Despite the problems, Gabel's widow, Kae Williams, won a rare victory in a traditional workers' compensation lawsuit, getting about $15,000 for her three children. But when she applied for additional benefits under the new program in 2001, the claim took four years to process and was ultimately denied. A government computer program found only a 41.73 percent chance that her husband's brain cancer was work-related.

"They make it sound like they are doing the right thing," Williams said. "For a glimpse, you think they are. And they are not."

Ill and Unaided

At South Carolina's Savannah River plant, workers may face longer odds than most. They lack the organization and lobbying advantages found at some larger sites where workers tended to be white and represented by strong unions.

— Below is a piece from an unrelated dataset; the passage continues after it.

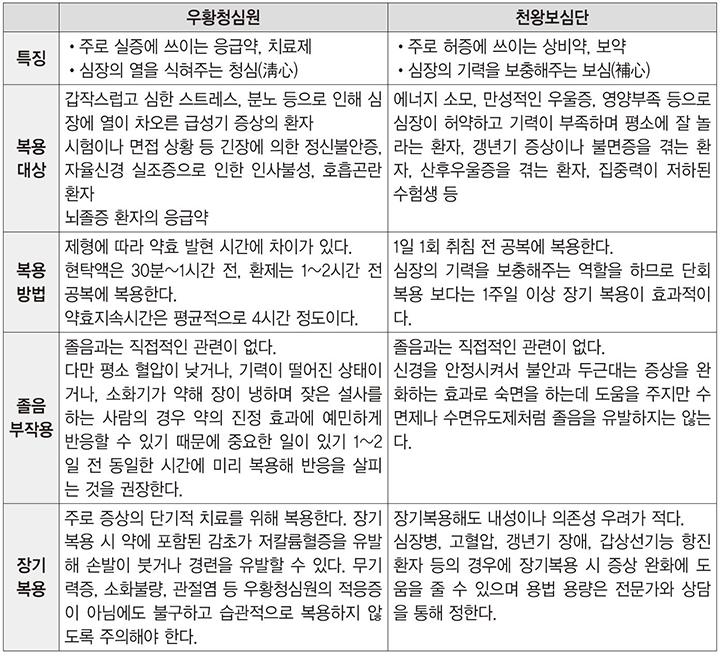 두 제품의 차이는 구체적으로는 아래와 같습니다. 목적은 둘 다 신경을 릴렉스하기 위해서 사용되는 것으로 맥락이 비슷하지만, 청심원의 경우 평소 기가 센 분들이 복용하기에 적합하고 그렇지 않은 분들은 우황청심원이 과도한 나른함을 줄 수 있기에 천왕보심단을 사용하는 것이 권장됩니다.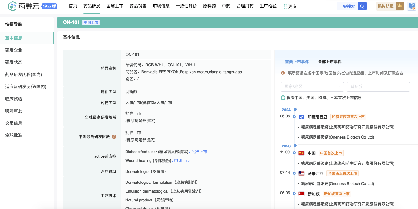 国际糖尿病联盟2021年数据显示,我国成人糖尿病患者数达1.41亿人,我国50岁以上的糖尿病患者,糖尿病足溃疡的发病率高达8.1%,总截肢率19.03%,是一个重大未满足的医疗迫切需求。香雷糖足膏(速必一)于2023年11月通过中国第一个1.1类天然药物新药许可。此前,中天(上海)生物科技有限公司和上海海和药物研究开发股份有限公司合作开发。

"Black workers in these plants were put in high-exposure areas without proper protection or monitoring," said Robert W. Warren, a lawyer who represents dozens of Savannah River workers. "They worked in some of the most dangerous places, but there are no records today to show that."

When it opened in 1951, the Savannah River nuclear complex was one of the first employers in South Carolina's rural midlands to offer African Americans a shot at relatively good wages and benefits. But not all jobs at the plant were created equal.

The jobs offered to black workers in those days were often menial ones: cleaning spills, scraping paint, removing waste, sometimes in the most dangerous parts of the plant, said Wayne Knox, a radiation-safety expert who was a contractor at the Savannah River plant for nearly two decades. In the '50s and '60s, he said, workers often were kept in the dark about risks.

"Not just blacks, but also [white] people from poorer neighborhoods were put in a position where they had a lot of unnecessary exposures," said Knox, who now advises some families filing claims.

The sprawling, 300-square-mile site still contains one of the highest concentrations of radioactive waste of any weapons plant in the country, most of it in swimming-pool-size tanks. Special exposure cohort status has not been granted for the plant's workers; in a region that remains very poor, there are few advocates available to argue the workers' case in Washington.

McKenzie, the Savannah River laborer, was angered when government officials calculated the probability that his work caused his bladder cancer at only 28 percent. He became even angrier when he learned that the plant had been unable to locate many of his files -- including records for the day he became so contaminated his clothes had to be destroyed. "There were whole months where the data is missing," he said.

McKenzie has asked a Labor Department appeals panel to reconsider the decision, while he struggles to pay hefty medical expenses that include regular visits to the urologist to see whether his cancer has returned. Having mostly given up hope for a government check, he now works a second job, cleaning up spills and leaks in private homes a few miles from the weapons plant.

"At first it looked like I had a good claim, but it didn't go anywhere," McKenzie said wearily. "A person doing it by himself has no wind."